In my code I have decided to concatenate CaptionResults list to a string and set the result to the description property.
Below you can see the code change for ToMemoryRecordMetadata method.
private static MemoryRecordMetadata ToMemoryRecordMetadata(AzureCognitiveSearchRecord data, IList<CaptionResult> captions = null) { **string captionstr = null;
if (captions != null)
{
var list = from caption in captions
select caption.Text;
captionstr = string.Join(" ", list.ToArray());
}**
return new MemoryRecordMetadata(
isReference: data.IsReference.GetValueOrDefault(false),
id: DecodeId(data.Id),
text: data.Text ?? string.Empty,
**description: data.Description ?? captionstr ?? string.Empty,**
externalSourceName: data.ExternalSourceName,
additionalMetadata: data.AdditionalMetadata ?? string.Empty);
}
After this the SearchAsync method needs to be modified in this way:
public async IAsyncEnumerable<MemoryQueryResult> SearchAsync( string collection, string query, int limit = 1, double minRelevanceScore = 0.7, bool withEmbeddings = false, [EnumeratorCancellation] CancellationToken cancellationToken = default) { collection = NormalizeIndexName(collection);
var client = this.GetSearchClient(collection);
// TODO: use vectors
var options = new SearchOptions
{
QueryType = SearchQueryType.Semantic,
SemanticConfigurationName = "default",
QueryLanguage = "en-us",
Size = limit,
**QueryCaption = QueryCaptionType.Extractive,**
};
Response<SearchResults<AzureCognitiveSearchRecord>>? searchResult = null;
try
{
searchResult = await client
.SearchAsync<AzureCognitiveSearchRecord>(query, options, cancellationToken: cancellationToken)
.ConfigureAwait(false);
}
catch (RequestFailedException e) when (e.Status == 404)
{
// Index not found, no data to return
}
if (searchResult != null)
{
await foreach (SearchResult<AzureCognitiveSearchRecord>? doc in searchResult.Value.GetResultsAsync())
{
if (doc.RerankerScore < minRelevanceScore) { break; }
yield return new MemoryQueryResult(**ToMemoryRecordMetadata(doc.Document,doc.Captions)**, doc.RerankerScore ?? 1, null);
}
}
}
@dluc will take a look
Thanks for the feedback, yes these are knows issues of IMemoryStore implementations in the kernel repo.

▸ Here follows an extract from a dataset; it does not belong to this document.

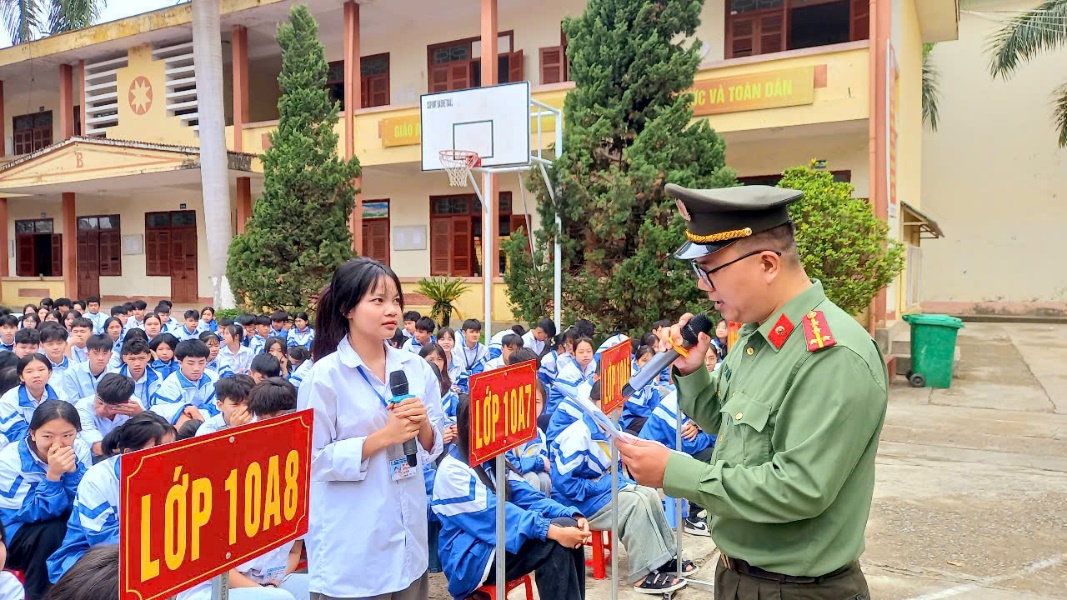Tham dự chương trình có các đại biểu đến từ Phòng PA05 Công an tỉnh, Công an xã Thanh Chăn, Ban đại diện cha mẹ học sinh cùng toàn thể cán bộ, giáo viên và gần 1.000 học sinh nhà trường.

My recommendation is moving to our new Memory solution which will address all the pain points, offer new features and allow to decouple AI Orchestration from AI State. See https://github.com/microsoft/semantic-memory, here's the steps to get started:
- Familiarize with the component, e.g. use the ServerLess memory for an easy tour
- Deploy the memory as a web service, as an internal service not exposed to public
- Leverage the memory web service OpenAPI swagger to consume memory as a plugin
All .Net issues prior to 1-Dec-2023 are being closed. Please re-open, if this issue is still relevant to the .Net Semantic Kernel 1.x release. In the future all issues that are inactive for more than 90 days will be labelled as 'stale' and closed 14 days later.